Fallen Wings

It is within those fragile moments. Those fragile moments when you land face first into the dirt. You can taste the impacted dirt in your mouth. Trapped in between your teeth. The grainy taste of failure; protruding itself from the tip of your tongue. To taste and to speak words; this is the only use a tongue provides. The wings which were used to fly over your obstacles seemed to have failed you. But did they? Perhaps you were meant to face this obstacle head on, as you have avoided facing it your entire life. Another mirror, only this time you can taste the failure contained within its reflection. Wings can fly you to the greatest heights, just as they can sink you below the depths of Hades. Wings also provide protection from one’s own chains; breaking the bondage of one’s own silence from within their heart.

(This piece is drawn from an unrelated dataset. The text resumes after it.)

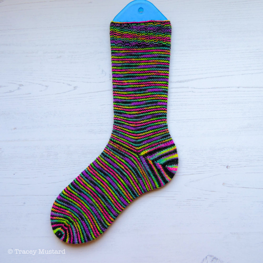 This yarn will micro-stripe in socks, and colour pool in other items (pic of my Lumina: Black Void knitted sock shown, to demonstrate).

Breath is Completely Overrated

The transition of an internal demolition. Killing the insides, just so you can grasp fragments of the air around you in order to breathe. Breath is completely overrated. Tell that to a drowning victim. In a way, we are all victims; of our decisions, choices, and personal attitudes. When life is suffocating you, and you do not have the internal capacity to breathe, it can be somewhat challenging to see straight. This is especially true if your lenses are dirty, and you need a new prescription. It’s nothing new to me: old hat. These cycles run themselves around my mind, and through my soul. Soul-crushing. A transition’s grin. The depths of insanity. The reality of uncertainty. I still look for that supposed silver lining. It’s covered in the blood and wreckage of my past. Another endeavor I could not spiritually afford. An affirmation. A devastation. The circumference of a broken heart. The radiance of a glowing death. Tears and fears in arrears. The only way to pay for life’s decisions and choices when under duress. How else did you think it was going to turn out? There is no fairytale to hold on to. There are no remembrances, which do not make me cringe. Some would say, “Just hang in there, it’ll work out if you just give it some time.” I feel as though time has run out. Time ran away from me crying and screaming. I truly wish I knew better, But at this point in my life, what the fuck is the point to any of it? The love I had within me died the day I was born.

Contaminated

This is where you and I depart. You portrayed yourself to be something and someone you are not. Another illusion within your childish confusion. Maturity, depth, and substance, are character traits you are incapable of possessing. What you do not know, and will probably never know. Me. You simply never took the time to peer beyond the hair. The jacket. The personality. The soul. I do not blame you, as it is not your fault. You were groomed to live this kind of life. Your parents, social media, and the propaganda of “Toxic Masculinity” has brainwashed you, along with 95% of the other sheeple within this global society. You cannot seem to find the term in the dictionary. Depth and consideration were never strong character traits within you. A selfish disposition is your body armor. The new normal. The new way of living your life. One. Day. At. A. Time. One childish fantasy at a time. Another death from childhood, which keeps your ideologies fresh and clean. You have been contaminated by everything you have thought was healthy for you. That type of death will slowly and steadily seep into every part of your being. This is why you will never know the depths contained within me.

Conditioned.

At this very moment. You are being conditioned. In thought. In word. In deed. They are not your own, as these are circumstances “brought to you by (buy)” the Control Machine. Your new best friend. Your new God. Your new parental advocacy committee. Your New Normal. You are living a lifestyle/lifetime, that has been carefully molded and mandated for the consumption and convenience of your consciousness. That gritty taste upon your tongue, and in between your teeth; that’s the taste of dirt in your mouth. What else would you be tasting lying six feet under, trapped in a casket?

Life Crushed It.

The sweet moans of life being birthed. The confusion settles in, as the sweet moans are not so sweet. The moans are the crying screams of thoughts, goals, and aspirations being crushed; one at a time. Life has a curious way of encroaching itself upon you, and upon your very consciousness. Life has a sense of humor only it understands. Ha fucking ha. Cyclical. The silent laughter of pain, torment, and rage. I have gone deaf from the silence.

A Funerial Heart

The cold warmth of a funerial heart. These are the times I can feel the disease within me; the disease within my mind. A diseased mind is a cure for life. A diseased mind and the living death, are truly the only cure for living within one’s life. How does one live in a world, where one is not recognized by it, yet they do not recognize the world? There is no day within the eternal night. The cessation within one’s own lifespan. Soft reverberations within one’s own rotting hand. The solitary warmth of one’s isolation, is the disease of ease. Too many attention seekers are seeking me. You must witness the nocturnal massacre, as you deeply breathe in their annoyances. Try not to choke on them.

There is a slight distinction within the hue, as neither you or I possess perfect eye sight. There is no vision, other than the type of vision one will allow to be bestowed upon them. Do you really think there is another type? No, there is not, as it was all a scam to begin with. I thought you knew all of this by now; I guess not.